Yoon: Not necessarily. Remember that RK1 and RK5 fuses are intended to be replacements for older style K1 and K5 fuses. There is still a 5X multiplier for RK fuses in clearing I2t threshold values. However, with some minor exceptions (0 to 40 amp fuses at 100 kA), that relationship is generally only valid for fault currents up to 50 kA and fuse sizes below 201 amps. That relationship is not valid for larger size fuses and other NEMA FU1-rated fault currents (100 and 200 kA).

Question: On TCCs, if you extrapolate out the wire, it will cross both the fuse and circuit breaker curves. So, at high overloads, is the wire not protected?

Earp: The region above 10 seconds on a wire’s thermal damage curve is called the "emergency overload" region. Wires can carry much more than their rated current for a short period of time because the temperature of the wire will not stabilize for an hour or more. However, it is possible to damage the wire if the overload persists for a long period of time.

Question: Please define an LVPCB and differences with electronic-trip circuit breakers not considered to be LVPCBs.

Yoon: Low-voltage power circuit breakers (LVPCBs) that meet the ANSI C37 standard have two distinguishing characteristics that are pertinent to this question: they are constructed to withstand fault current for a greater amount of time than a standard UL 489 circuit breaker (30 cycles versus 3 cycles), and they have the ability to delay or defeat the instantaneous trip function of the circuit breaker. While you can find UL 489 circuit breakers that are similar in general appearance and have a two-step stored energy trip mechanism (i.e., insulated case circuit breakers, or ICCBs), they still are required by UL 489 to have an instantaneous trip function. UL 489 circuit breakers are designed to trip with no intentional delay and as such do not have to be designed to withstand rated fault current for an extended period of time.

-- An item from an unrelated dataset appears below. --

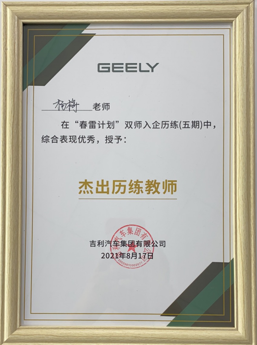 同时杨老师进入吉利汽车大江东生产基地焊装车间开启了为期20天的历练。历练期间,她严格执行公司的相关规定,深入生产一线,积极主动与企业大师和车间工人进行交流学习,提升对企业文化和管理、新技术、新工艺、新设备的认知和了解。培训结束后,杨老师被评为“杰出历练教师”,她表示将不断提升自己的专业技能及教学水平,逐步积累和更新自身知识,将企业成果转化到教学中去,努力培养更多企业需要的高素质技术技能人才和能工巧匠。

Comment: I understand you’re just showing the theory, but the transformer inrush point and damage curves were likely not manufacturer-specific and were ANSI/IEEE-typical. Using actual manufacturer data, you would likely note a standard thermal-magnetic circuit breaker would adequately protect the transformer. Attendees should not get the impression an electronic circuit breaker is required to protect all transformers, particularly small dry-type. Good presentation of the theory though.

Earp: Thank you for your comment. There are indeed some thermal magnetic breakers and fuses that adequately protect some transformers. A solid-state trip is not necessarily required.

Question: How does an electronic breaker differ from a thermal magnetic breaker or a fuse in terms of TCC tolerances?

Yoon: While circuit breakers with electronic trip units typically have tighter TCC tolerances than a standard thermal-mag breaker, it depends on what portion of the time-current curve is being evaluated. Most generic thermal-mag circuit breakers have reasonable ±10% tolerances in the overload/long time portion of the TCC. However, in the short time portion of the TCC, the area of uncertainty in the curve gets bigger as the mag portion of the breaker takes over.

For fuses, the minimum and maximum melt times usually are very consistent from the long-time to short-time portions of the TCC.

Of course, these are generic blanket statements. Your mileage may vary and you should get TCC data from the manufacturer for any particular overcurrent protection device to make a proper evaluation.

Question: What part of NEC Article 695.3 requires selective coordination?

Earp: Article 695 (fire pumps) requires selective coordination on multibuilding, campus-style complexes where the fire pump is connected to one or more feeder sources with more than one overcurrent device in series.

Question: Please provide examples of how to use fuse product sheets to determine fault current limiting.

Yoon: In addition to the TCC, you will also find "current limitation curves" on most manufacturers’ fuse data sheets. The method used with these current limitation curves is called "up, over, and down." You should be able to find detailed information on this technique in the FAQs on the manufacturer’s website.